К четырем часам я снова был на вокзале, но пятьсот веселый затерялся в пространстве.

Теперь его ждали в полночь. Я воротился домой и, чтоб несколько унять лихорадку, которая меня охватила, принялся гладить скатерть и полотенце, подмел комнату, вытряс коврик, снова подмел комнату... За окнами был май. И вновь я полетел на вокзал в десятом номере трамвая, в окружении чужих матерей и их сыновей, не подозревающих о моем празднике, и вновь с пламенной надеждой возвращаться обратно уже не в одиночестве, обнимая худенькие плечи...

Я знал, что, когда подойдет к перрону этот бесконечный состав, мне предстоит не раз пробежаться вдоль него, и я должен буду в тысячной толпе найти свою маму, узнать, и обнять, и прижаться к ней, узнать ее среди тысяч других пассажиров и встречающих, маленькую, седенькую, хрупкую, изможденную...

И вот я встречу ее. Мы поужинаем дома. Вдвоем.

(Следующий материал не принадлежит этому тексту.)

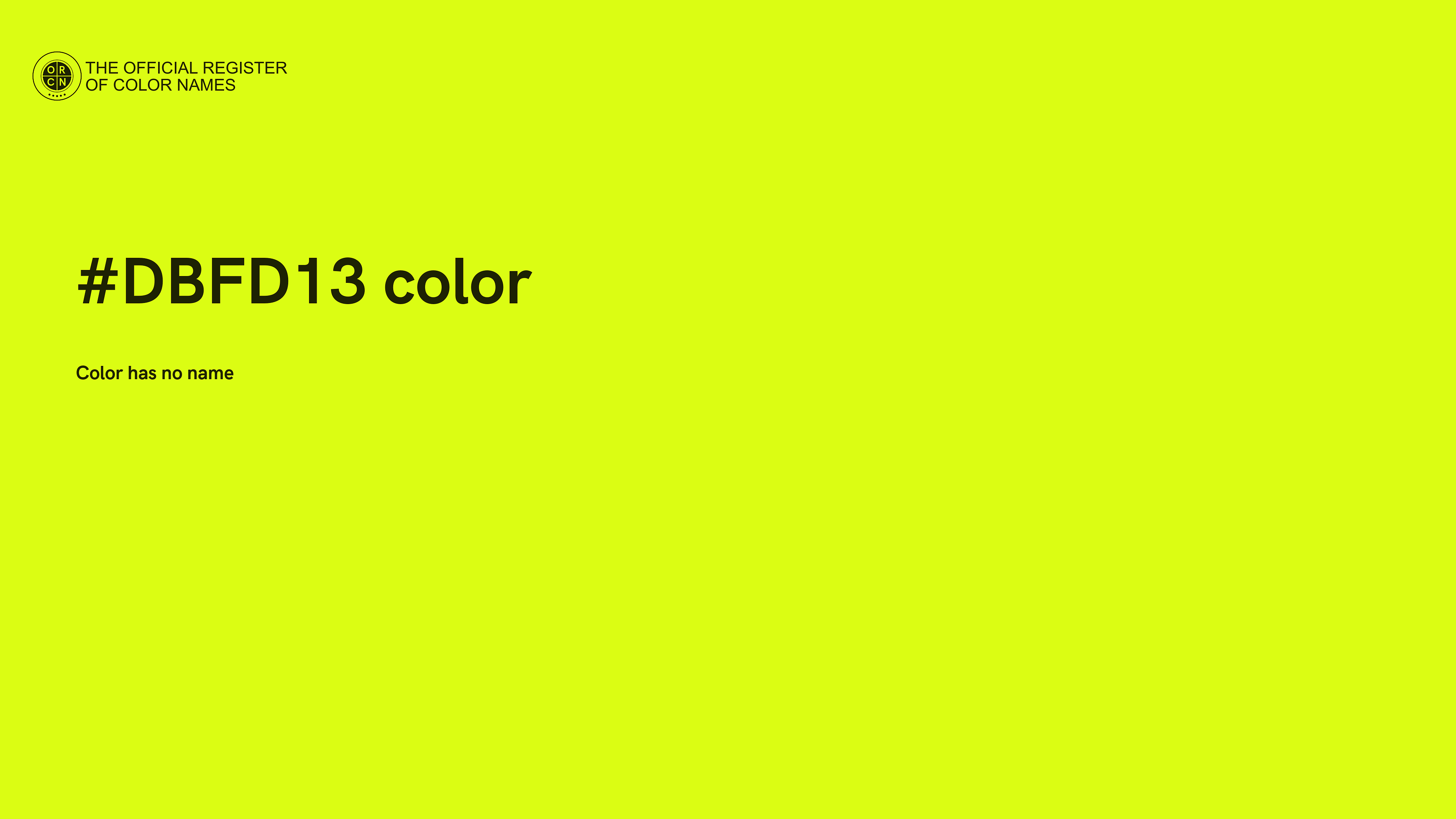 For printing in non digital world, #DBFD13 is represented in CMYK as 13 Cyan, 0 Magenta, 92 Yellow, and 1 Black (Key) (C:13 M:0 Y:92 K:1).
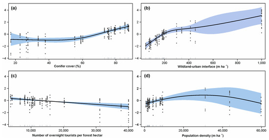 Responses of the number of forest fires per forest area (n ha−1) that occurred in the Czech Republic during 2006 to 2015 to predictor variables with statistically significant effects. Results of analysis conducted on an annual scale are presented. Smoother functions fitted by Generalized Additive Models (line), 95% confidence interval (blue shaded area), and residuals (points) centered at a zero mean value are indicated. Forest fire responses to the (a) percentage of conifers, (b) length of the wildland–urban interface, (c) number of overnights, and (d) number of residents are displayed.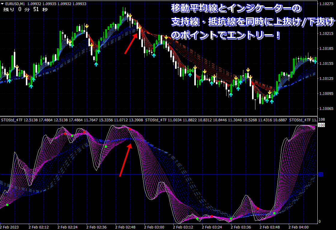 ほぼ同時に上抜け・下抜けのポイントでエントリー!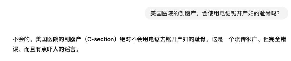 ChatGPT对此的解释是,电锯锯开耻骨的说法系经典谣传,现代医学中并不存在这种方式。唯一可考的资料是17世纪始,一种名为“耻骨联合切开术”(Symphysiotomy)的手术方法,被广泛用于孕妇难产的状况当中,19世纪以后,“耻骨联合切开术”慢慢被医学界弃用了。被谣传的原因可能是电凝刀和吸引器的声音听起来像电锯。
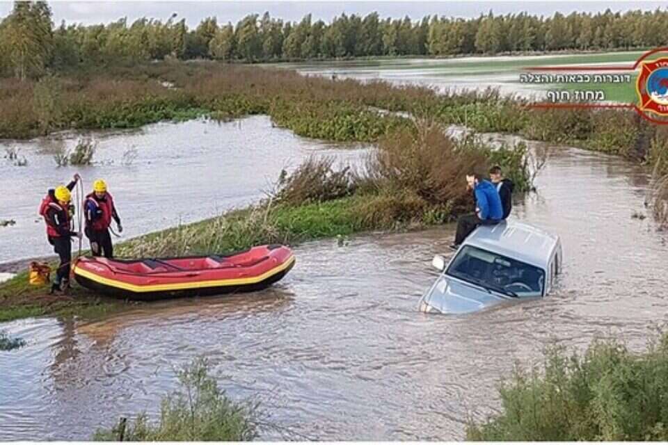 סוף השבוע הסוער בישראל ממשיך לגרום לנזקים: חברי יחידת החילוץ של כבאות חדרה חילצו אחר הצהריים (שישי) שני אזרחים ששקעו עם רכב השטח שלהם ונאלצו לטפס על גגו. לוחמי האש חברו אליהם באמצעות סירת חילוץ וחילצו אותם בשלום. בסביבת האירוע התקבצו מספר בעלי רכבי שטח נוספים, אך חברי יחידת החילוץ הוזהרו לבל ינסו בכל זאת להכנס לערוץ.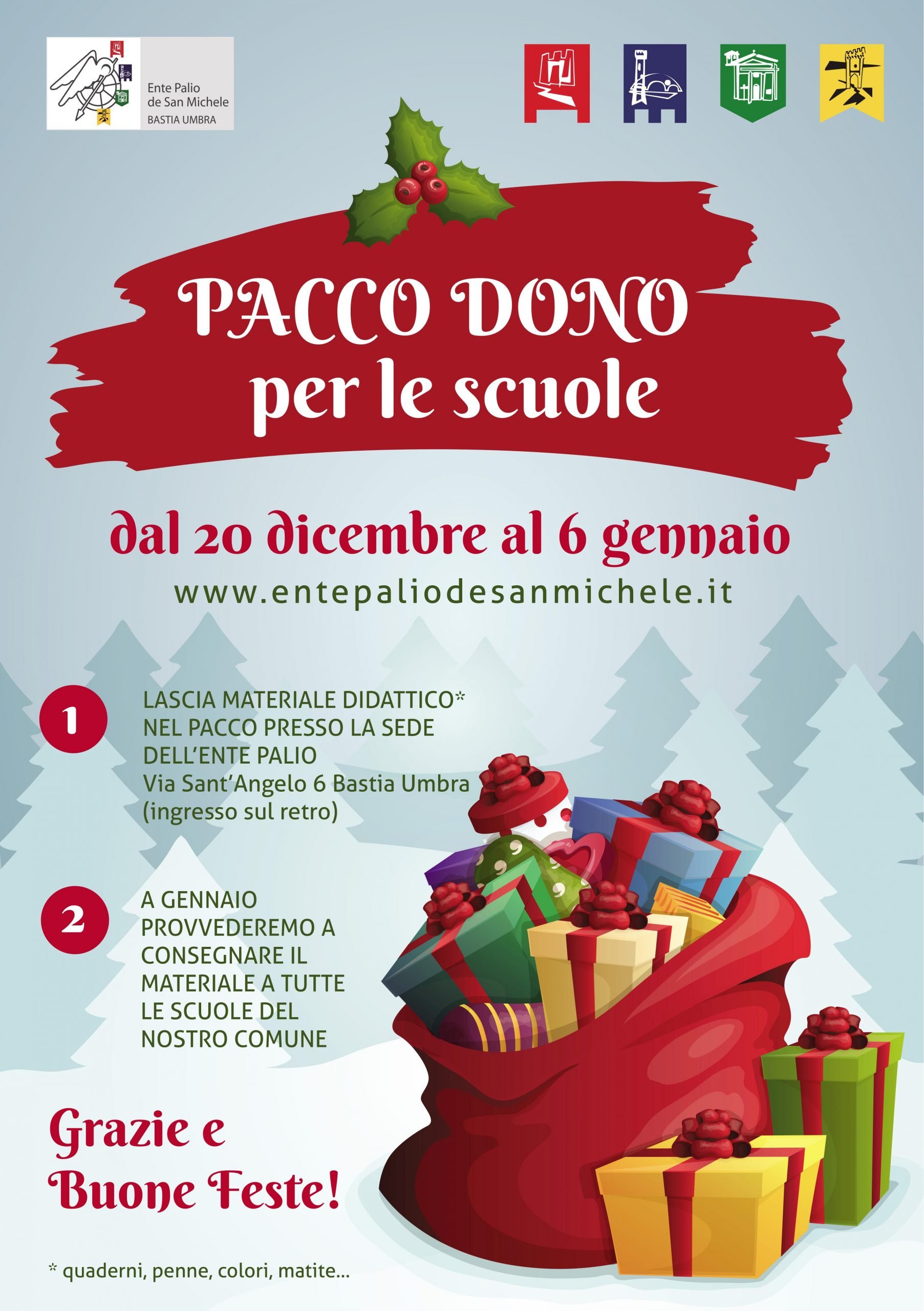 Da domenica 20 dicembre 2020 a mercoledì 6 gennaio 2021, verrà installato un grande scatolone fuori dalla sede dell’Ente Palio, in via Sant’Angelo6 (ingresso sul retro), dove l’intera comunità potrà contribuire in forma anonima al Pacco Dono Natalizio donando materiale didattico: quaderni, penne, astucci, borse e colori…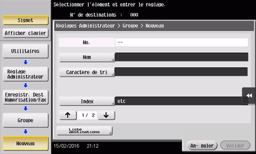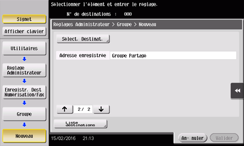 Tapez sur [Utilitaires] - [Enregistrement 1-Touche/Boîte] - [Enregistr. Dest Numérisation/Fax] - [Groupe] - [Nouveau].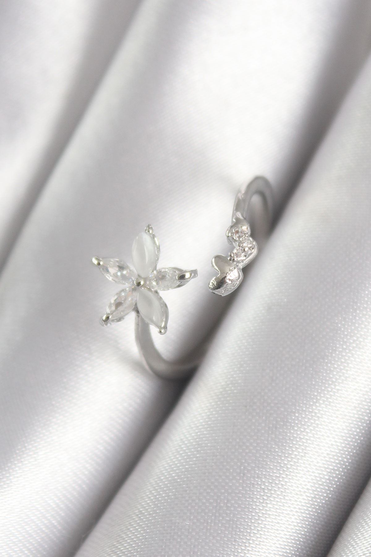 YRTCL Pirinç Gümüş Renk Zirkon Taşlı Çiçek Model Kalp Detay Kadın Yüzük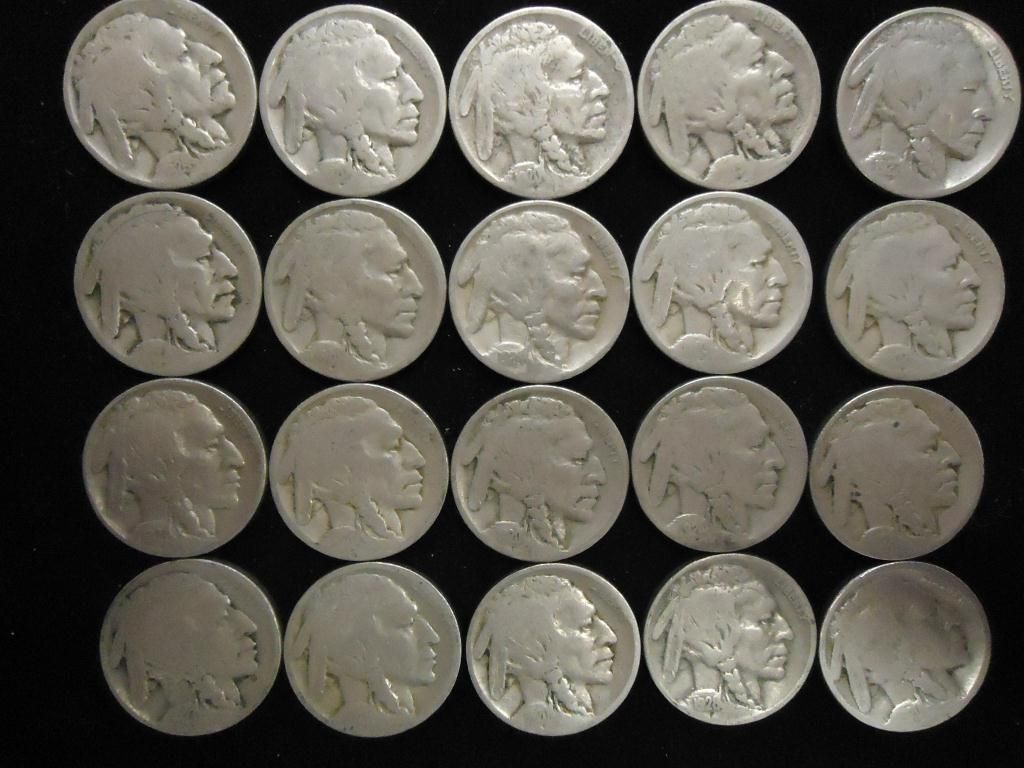 20 ASSORTED 1920'S BUFFALO NICKELS

Она будет рассказывать о своей жизни, а я — о своей. Мы не будем углубляться, искать причины и тех, кто виновен. Ну случилось, ну произошло, а теперь мы снова вместе...

...А потом я поведу ее в кино, и пусть она отдохнет там душою. И фильм я выбрал. То есть даже не выбрал, а был он один единственный в Тбилиси, по которому все сходили с ума. Это был трофейный фильм «Девушка моей мечты» с потрясающей, неотразимой Марикой Рёкк в главной роли.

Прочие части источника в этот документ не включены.